Bovendien mag worden aangenomen dat de kosten voor vrachtwagens op batterijen sneller zullen dalen dan die voor vrachtwagens op waterstof. De reden hiervoor is dat het mondiale marktaandeel van door batterijen aangedreven voertuigen (auto’s en vrachtwagens) al aanzienlijk groter is, wat tot grotere schaalvoordelen leidt. Daarbij komt nog het feit dat brandstofcellen die op waterstof werken een complexere technologie zijn: ze vereisen uitgebreide verwarmings-, ventilatie- en airconditioningsystemen en vergen over het algemeen meer onderhoud. “Batterijen hebben al een voorsprong op waterstof,” voegt professor Schmidt toe, “en ze breiden hun voorsprong voortdurend uit dankzij een steilere leercurve.”

Hoe toekomstige kosten te schatten

Om erachter te komen welke technologie in 2035 de overhand zal hebben, simuleerden de onderzoekers de potentiële aankoopbeslissingen van investeerders in zwaar goederentransport over de hele wereld. De uitdaging is om te voorspellen hoe de totale kosten van verschillende technologieën in de loop van de tijd zullen veranderen. Op basis van historische gegevens maken de auteurs van het onderzoek gebruik van de correlatie dat hoe breder een technologie wordt ingezet, hoe sneller de kosten ervan dalen. Op basis van het toegenomen marktaandeel van een technologie dit jaar kunnen ze bijvoorbeeld de kosten ervan volgend jaar en het marktaandeel het jaar daarop inschatten.
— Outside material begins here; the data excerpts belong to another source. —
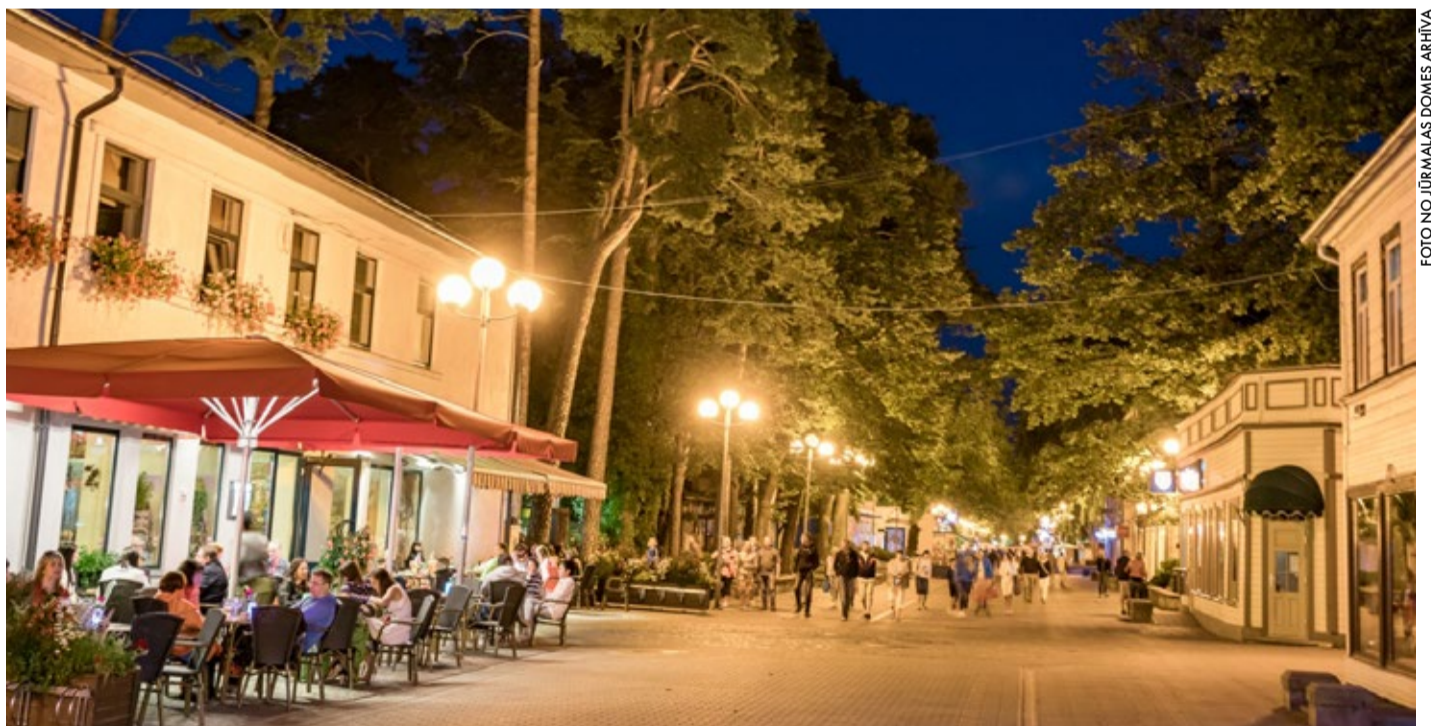
Jomas ielā, pārbūvējot apgaismojumu, tiks saglabāti Jomas ielai raksturīgie apaļā dizaina gaismekļi.

Asaru prospektā tiek renovēta apgaismojuma līnija posmā no Atbalss ielas līdz Valteru prospektam. Būvdarbu laikā paredzēts nomainīt 100 apgaismojuma stabus pret jauniem, cinkotiem stabiem, tiks ieguldīts apgaismojuma kabelis vairāk nekā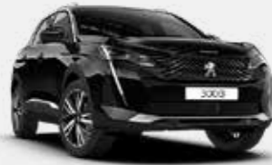
שחור מטאלי BLACK PERLA | 9VM0

לרשותך עומד מגוון רחב של צבעים שיאפשר לך להביע את עצמך באופן מלא.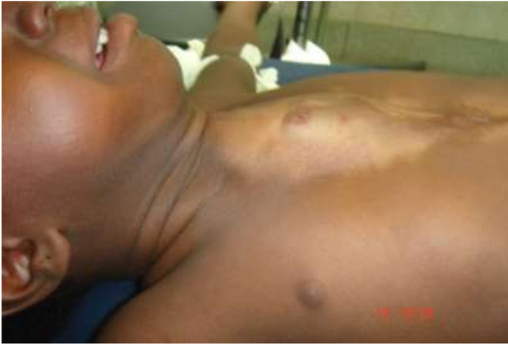
Figure 1: résultat de la cicatrisation dirigée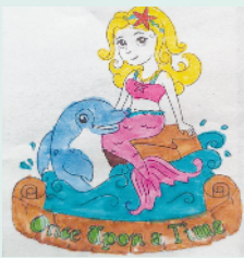
小记者:祁梓淇 编号:200592 周口闫庄小学一(5)班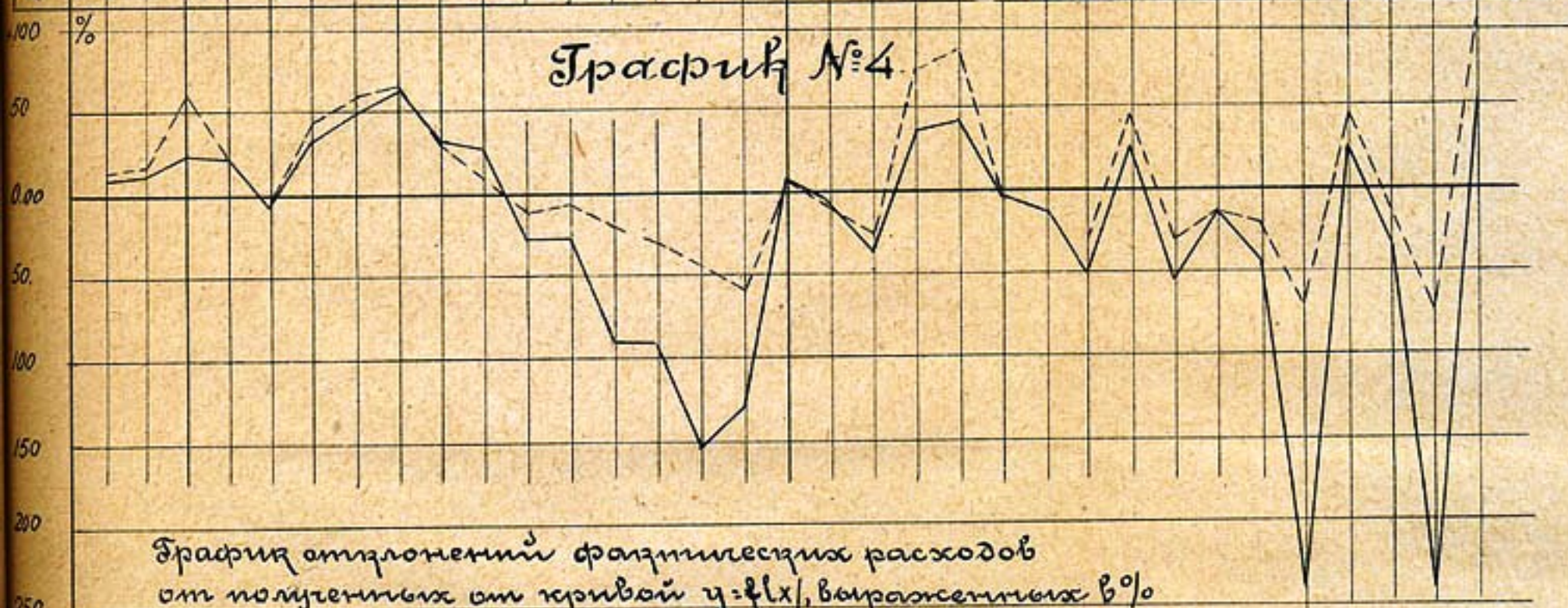
График отклонений фактических расходов от полученных от кривой y=f(x) , выраженных в % отклонений от фактических годовых и средней многолетней

Кривая отклонений в % от фактических расходов Кривая отклонений в % от многолетн. средней.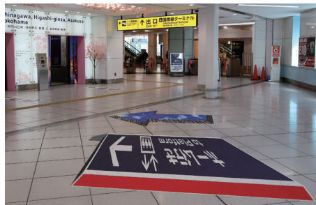
Fig. 5 反対側から見た案内サイン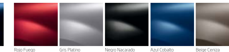
Rojo Fuego Gris Platino Negro Nacarado Azul Cobalto Beige Ceniza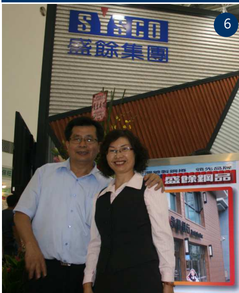
圖 7：中鋼構陳董事長(左二)蒞臨指導，與大夥談笑風生。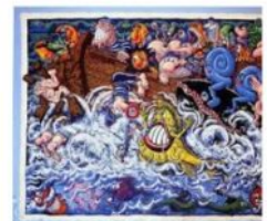
Hervé Di Rosa | Galerie Keza galeriekeza.com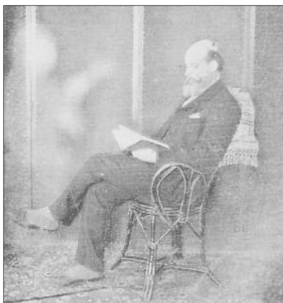
Uma das primeiras formas-sombras. (Fotografada às 15 horas do dia 08-02-1897).

Tínhamos instalado o aparelho fotográfico em um salão de ângulos cortados. Nesses pontos não podíamos fazer alteração. Tínhamos anteriormente empregado como fundo um biombo de cor marrom-escuro; não o podíamos substituir, mas cobrimo-lo com um pano preto, a fim de tornar mais visível qualquer forma branca que se apresentasse. Éramos geralmente cinco a tomar parte nessas experiências: o dono da casa, sua senhora, suas duas filhas e eu. Quando o relógio dava três horas, todos entrávamos no salão. Um de nós colocava o biombo na posição exigida; outro ocupava-se com o aparelho, dirigindo a objetiva para outra pessoa que, a título de ensaio, se assentava diante do biombo. Enfim, uma quarta pessoa regulava as venezianas, de modo a produzir-se o melhor efeito de luz. Esperávamos que o aparelho ficasse pronto e que os preparativos do magnésio fossem terminados; e depois de contarmos em silêncio 30 segundos, expúnhamos a chapa durante 5 segundos. Acendíamos o magnésio. Às vezes tirávamos três ou quatro provas, outras vezes seis ou sete. Elas eram imediatamente levadas ao gabinete escuro e reveladas.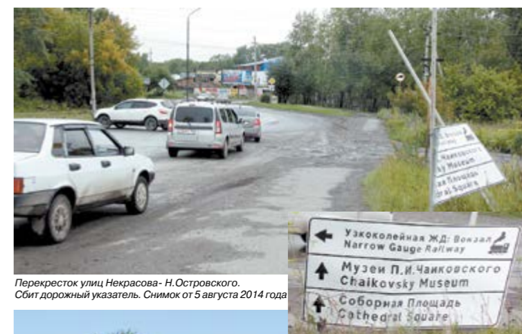
Перекресток улиц Некрасова - Н.Островского. Сбит дорожный указатель. Снимок от 5 августа 2014 года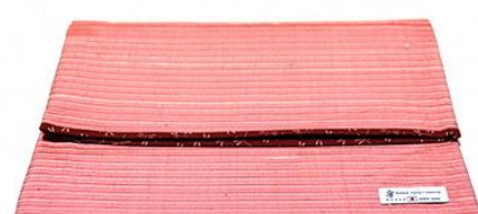
【伝統的工芸品】村山大島紬 17 Clutch Bag (赤色)

カジュアル・フォーマル両シーンで使えるように柄をデザインし、織り上げ、仕立てました。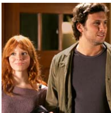
Claire Fisher (Lauren Ambrose) et Billy Chenowith (Jeremy Sisto).

Andrea Kuhn, 1963-2004 (tuée accidentellement par son mari) [4]. Six mois plus tard, Brenda et Nate préparent leur mariage et attendent un autre heureux évènement : la naissance d'un enfant (ce que le second ignore).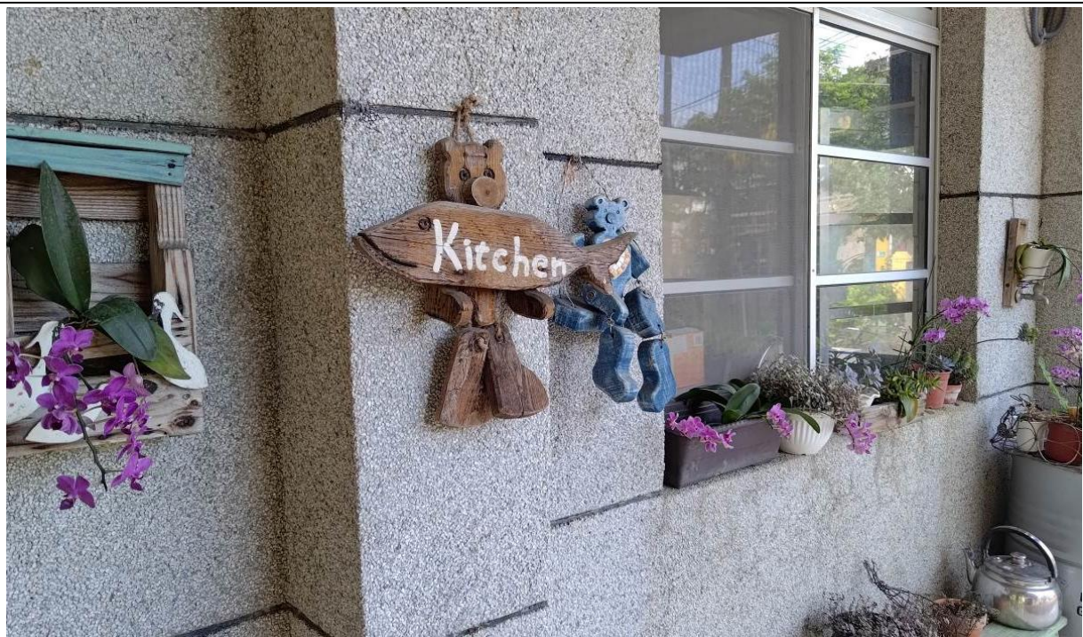
餐廳外牆，以蘭花和木造物裝飾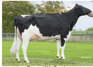
Poppe K&L Gorgina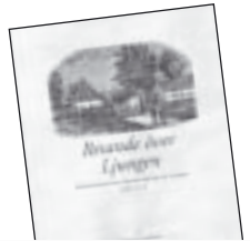
Resande över Ljungen av Christian Kindblad 90 kr.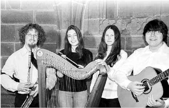
Leitung: Walter Lelle

Erleben Sie einen Abend mit authentischer irischer Musik, gespielt auf traditionellen Instrumenten.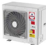
Model : CCS-32IVGX40, 48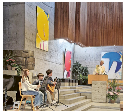
Die Werdenberger Musikanten im Paargottesdienst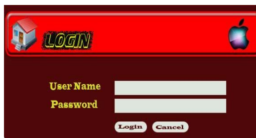
Gambar 2. Halaman Login

Halaman login digunakan oleh administrator untuk memulai memanipulasi data Usaha Mandiri, karena untuk memanipulasi data website, seorang administrator harus login terlebih dahulu. Adapun halaman login ditunjukkan pada gambar berikut: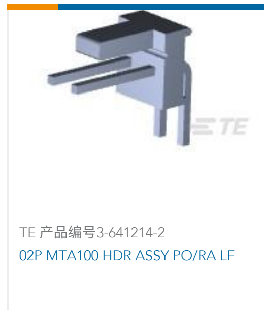
TE 产品编号3-641214-2 02P MTA100 HDR ASSY PO/RA LF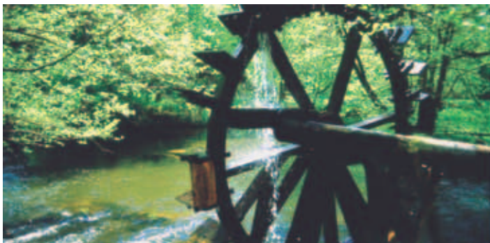
Wasserrad an der Blockhütte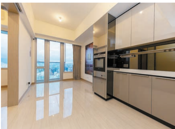
現樓8座48樓F室，實用面積350平方呎，一房間隔。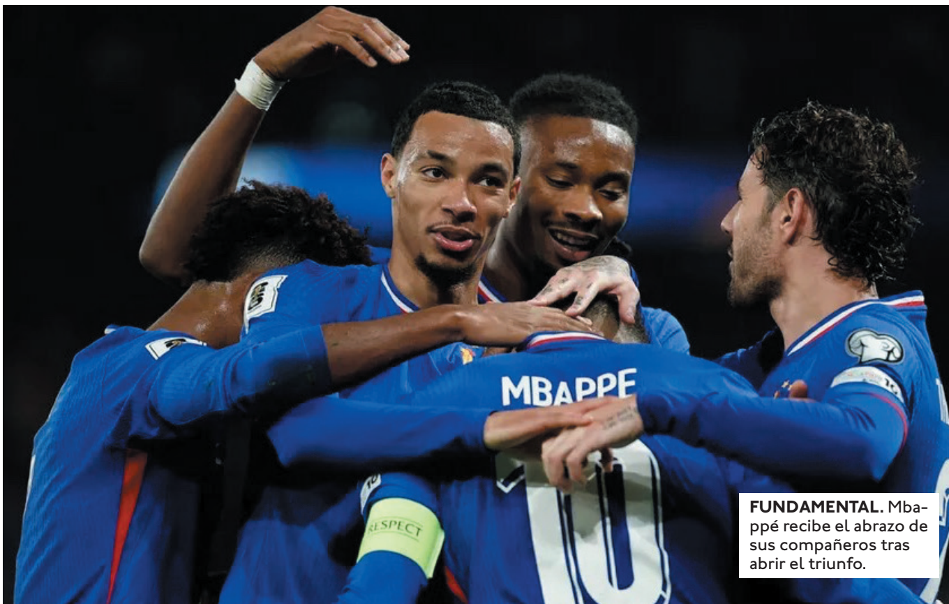
FUNDAMENTAL. Mbappé recibe el abrazo de sus compañeros tras abrir el triunfo.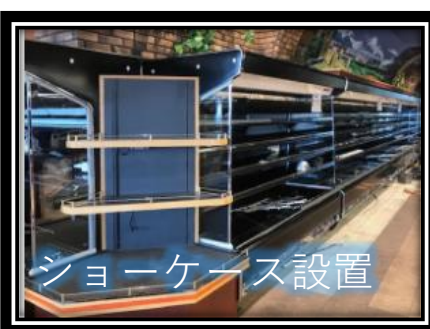
ショーケース設置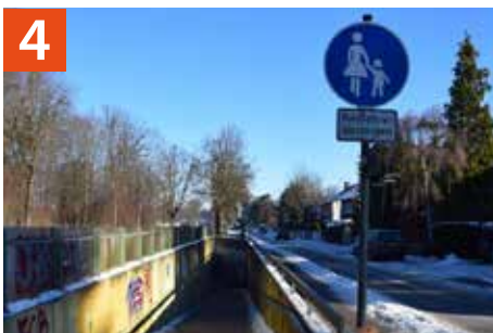
Unterführung unter der B 11 in Verlängerung der Pater-Rupert-Mayer-Straße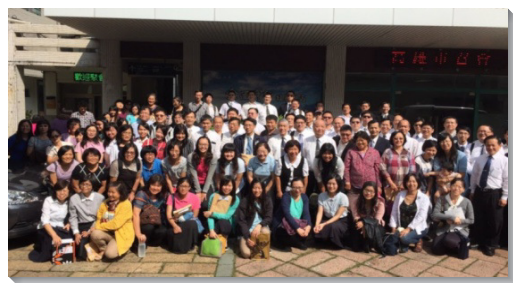
▲全台兒童服事者代表齊聚高雄新盛會所

願我們都有神經綸的眼光，有主耶穌憐憫人的心腸，有保羅流淚禱告勸誡的靈，在公眾面前，並挨家挨戶服事人，帶進更多兒童和家長。（張武旺）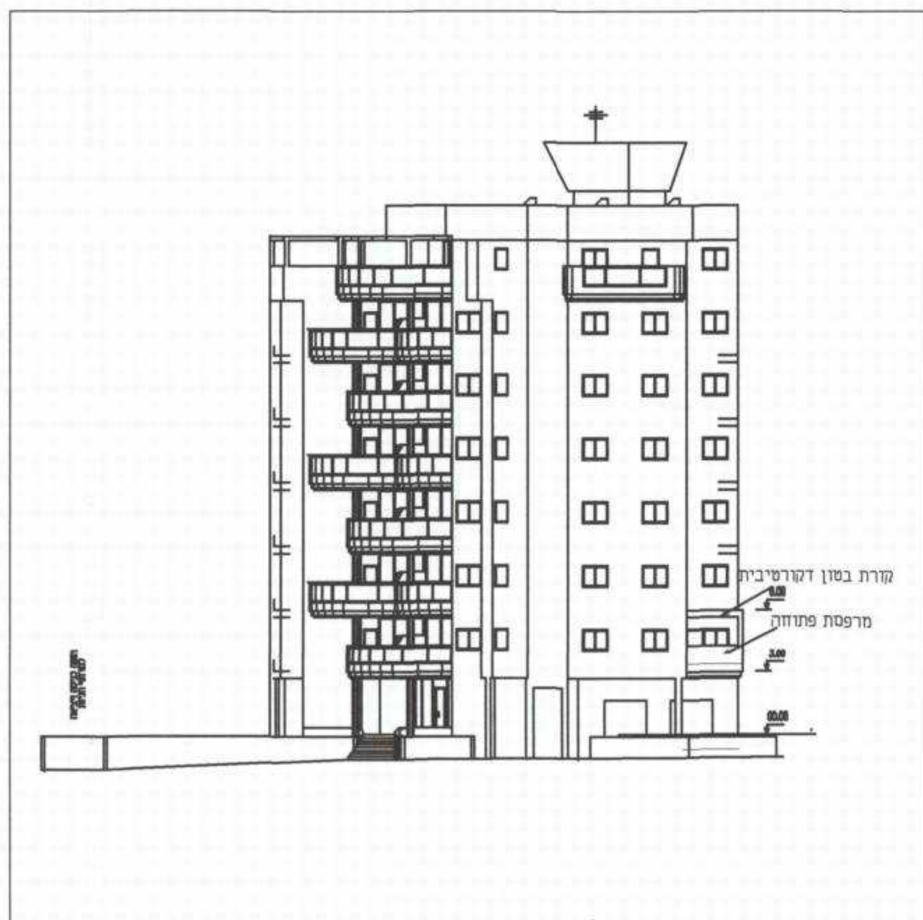
חזית מצב קיים קנ"מ 1:200

משרד הפנים מחוז תל-אביב חוק התכנון והבניה תשכ"ה - 1965 אישור תכנית מס' 561/ח הועדה המחוזית לתכנון ולבניה החליטה ביום 24.9.12 לאשר את התכנית מלח זורנו יו"ר הוועדה המחוזית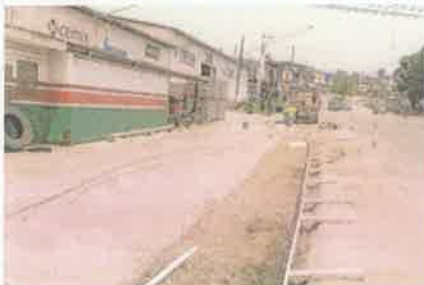
Foto 4. Preparación de área para construcción de acera peatonal frente a Ferretería.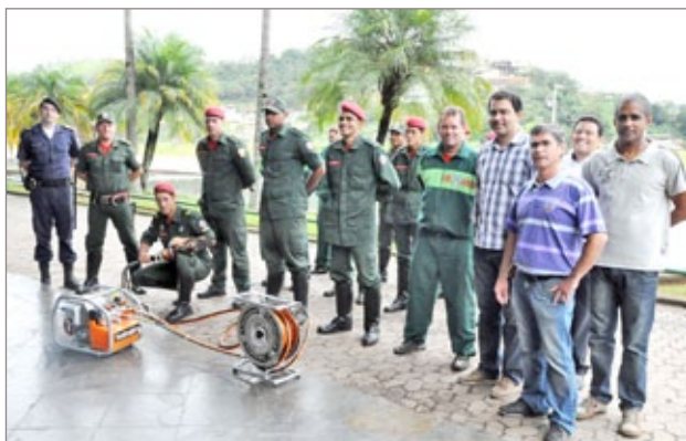
Equipe do Corpo de Bombeiros comemorou equipamento adquirido pela Prefeitura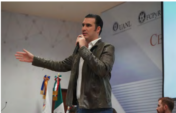
Conferencia Dip. Miguel Torruco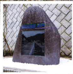
名神起工の地の石碑

巨大な名神と書かれた石標の下、名神高速道路の南側に「名神起工の地」と「旧東海道線山科駅跡」があります。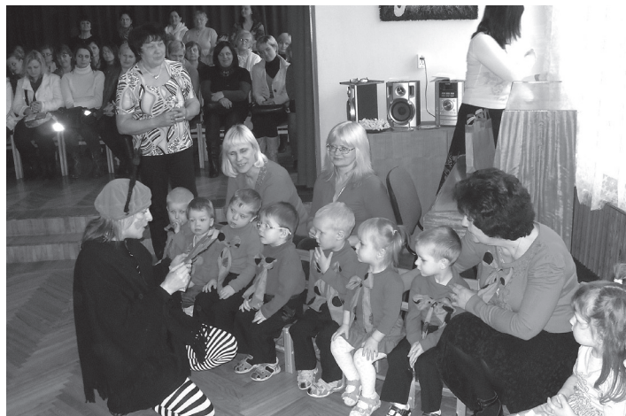
Vabolīte kopā ar Magonītes grupas bērniem

De snelheid waarmee schaalvoordelen zich voordoen, hangt echter ook af van de complexiteit van de technologie. “Hoe complexer een technologie is, hoe langzamer de kosten dalen”, legt Schmidt uit. Ook gaan de onderzoekers ervan uit dat het overstappen van een gevestigde technologie naar een nieuwe technologie leidt tot conversiekosten die de nieuwe technologie minder aantrekkelijk maken. Ze modelleren deze conversiekosten met een gekalibreerde opslag op de aankoopprijs.